At a November meeting in Vermont, hosted by the Sanders Foundation, U.S. Senator Bernie Sanders and former Greek Finance Minister Yanis Varoufakis announced the formation of the Progressive International. Their objective is to create a “grassroots movement for global justice” to counter the efforts of extreme right-wing movements in the United States and Europe. Exactly what political actions this entails remains vague.
Sanders and Varoufakis are both democratic socialists, but they are an odd political couple. Sanders has spent most of his life as a professional politician, starting at the municipal level and slowly achieving the national stature that brought him eleven million votes in the last Democratic presidential primary season. Students, seniors, environmentalists, and populists of the left and right have responded positively to his cordial personality as he proposes radical changes in the American economy.
Yanis Varoufakis, on the other hand, is a stern intellectual whose professional life has been centered in universities. His brief political career with SYRIZA focused on efforts to ease the EU’s austerity agenda for Greece. Varoufakis threatened Grexit with the belief the EU would consider that a destabilizing risk not worth taking. When the EU called that bluff, SYRIZA ended up accepting terms even worse than the ones it had labeled unacceptable. Varoufakis resigned his post.
Since his resignation, Varoufakis has published widely in the international press. He ardently champions the ideals of the EU, but argues power must be shifted from unelected bureaucrats (often bankers) to the EU’s parliament. To that end he has created the European Spring Movement (DiEM25), a formation designed to be a unifying force for diverse left-wing movements in the EU. The alliance with Sanders is an adjunct to that coalition.
The main thrust of European Spring is to take on the disintegration of the European ideal by xenophobic, authoritarian, and racist right-wing parties. It seeks to inspire leftists to have more backbone and to act boldly. One tactic being employed to advance the idea of pan-Europeanism is to have citizens of one country run as candidates in another country for seats in the upcoming EU parliamentary elections. Varoufakis, for example, is running to represent a German district. A dozen other individuals are making similar trans-national runs.

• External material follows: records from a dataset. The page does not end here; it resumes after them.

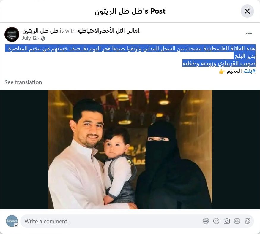 This Palestinian family was erased from the civil registry and all perished this morning when their tent in the Al-Manasra camp in Deir al-Balah was bombed.
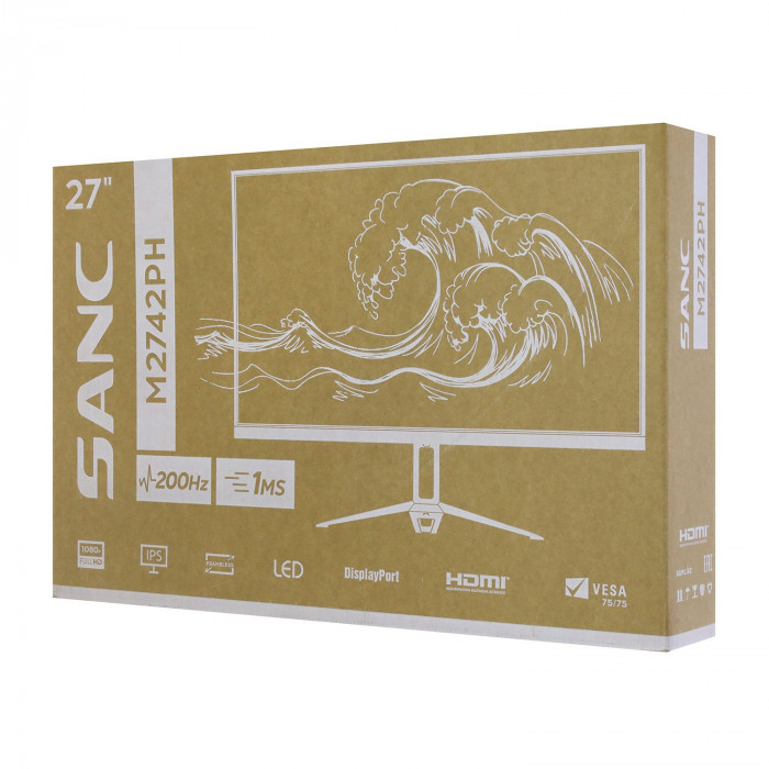 Игровой монитор 27" Sanc M2742PH V3, 1920x1080 IPS, 1ms, 165Hz, 300cd/m2, 1000:1, 2xHDMI/DP, White
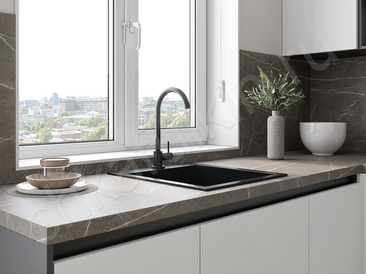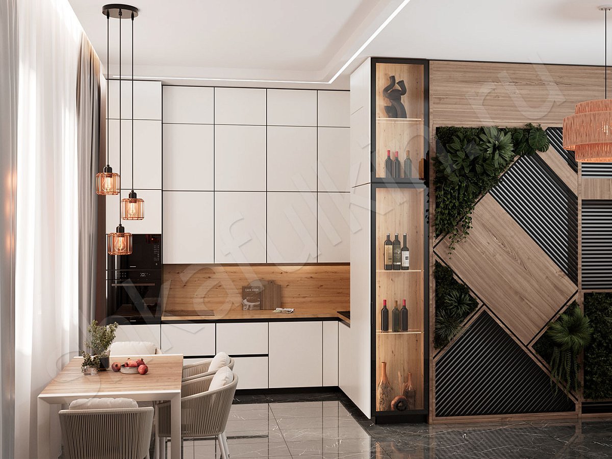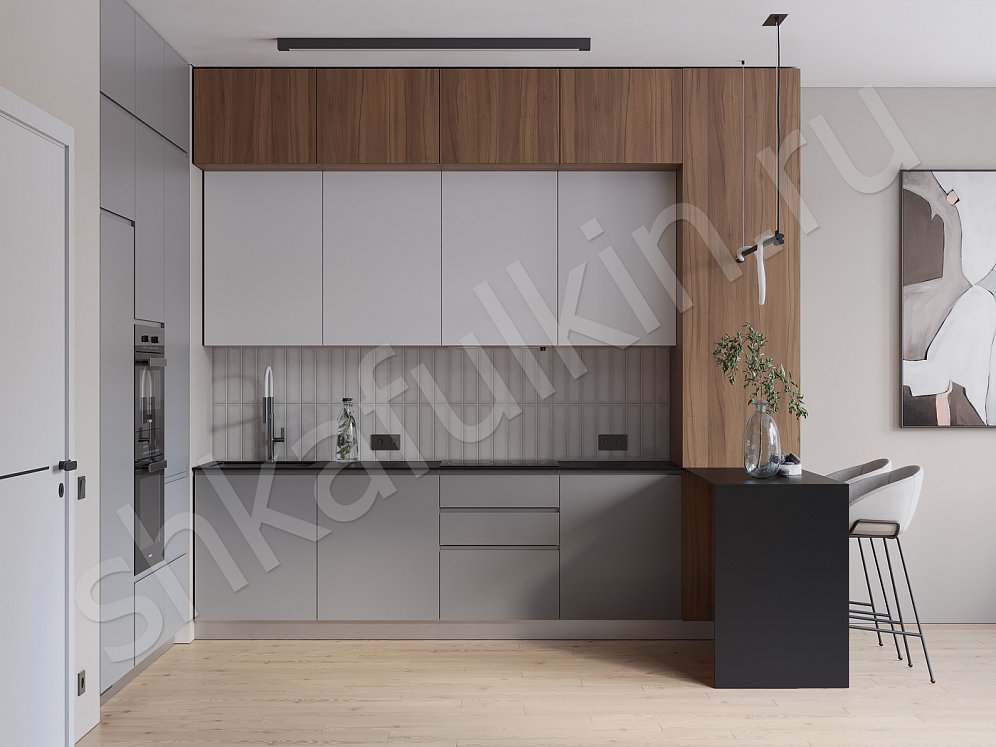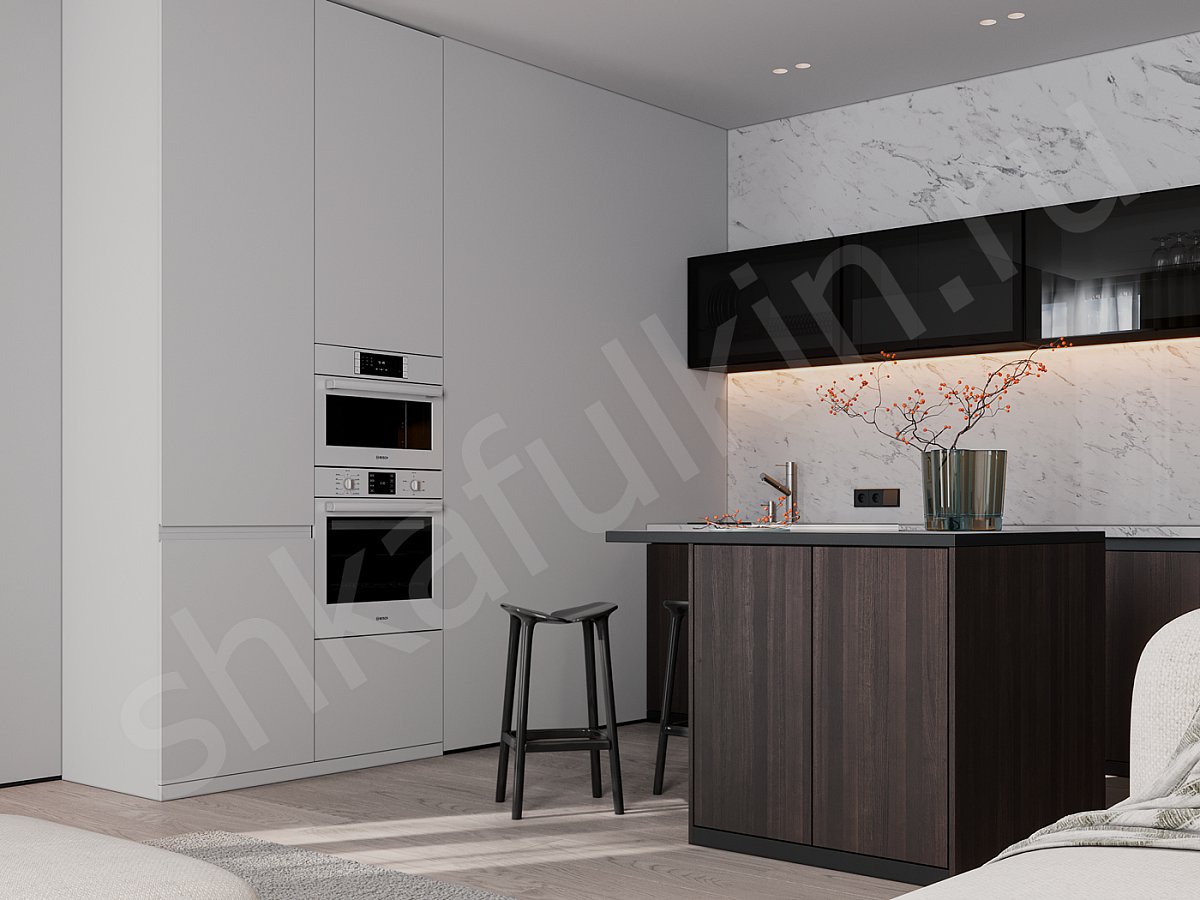 Приведите решение к единообразной палитре – светлые стены, светлая столешница, закрытые фасады.

European Spring and the Sanders movement are united by their opposition to the increasing efforts of extremist groups to forge goals to be simultaneously advanced in all nations. A strong advocate of this perspective is America’s Steve Bannon, formerly a powerful political advisor to President Trump. Bannon has recently spoken to Marine Le Pen’s National Rally in France and more extremist neo-fascist groups in Italy, Hungary, and Germany about creating international goals and strategies. Sanders is concerned that at a time when he is seeking to move right-wing populists to the left, Bannon is seeking to move left-wing populists to the right.
Sanders also is aware that many of the individuals he has inspired to become political activists lack foreign policy experience. Progressive International will allow them to have personal contacts with Europeans counterparts and to get a more sophisticated understanding of how critical issues are being addressed in other nations. Sanders states that since trans-national corporations dominate the world’s economies, a transnational response is required to stem their excesses. Among those endorsing his efforts are Noam Chomsky, Cornell West, James K. Galbraith, Danny Glover, and Jeffrey Sachs.
Many traditional and insurgent parties of the European left are wary of Varoufakis’s efforts. They consider him an intellectual prima donna who doesn’t understand how much on-the-ground organization is needed to achieve lofty goals. They wonder if the effect of the European Spring may be as divisive as that of the once-celebrated Arab Spring. They note that fringe parties in DiEM25 collectively won only 3% of the vote in the last EU parliamentary election.
Among those dubious of European Spring are the Labor Party (UK), Podemos (Spain), and Die Linke (Germany). They believe Varoufakis’s approach harms rather than advances their electoral chances. They are particularly wary of the European Spring’s lack of clarity regarding immigration reform, a major “hot button” issue in Europe. European Spring is opposed to “forced integration” of Europe but supports the freedom of movement as a principle. What that means regarding the refugees and immigrants from the Middle East and Africa that want to enter the EU remains unclear.
Whatever doubts some have of Varoufakis staying power, he is constantly presenting his views throughout Europe and the United States. After his appearance in Vermont, for example, Varoufakis spoke at major institutions such as New York’s prestigious New School, had a meeting with The Nation which led to a major feature story, and still had the energy to meet with a community group in Brooklyn.
The long-term ambitions of Progressive International have been aptly summarized by one of its members, Nikhil Goyal, author of Schools on Trial, “We need to have opportunities to mull over, debate, analyze, and thrust out the details of the agenda we are pursuing for the United States and the rest of the world.” What actual impact that perspective may have will begin to be visible in the European parliamentary elections of May 2019 and the debates already emerging about the American presidential election of 2020.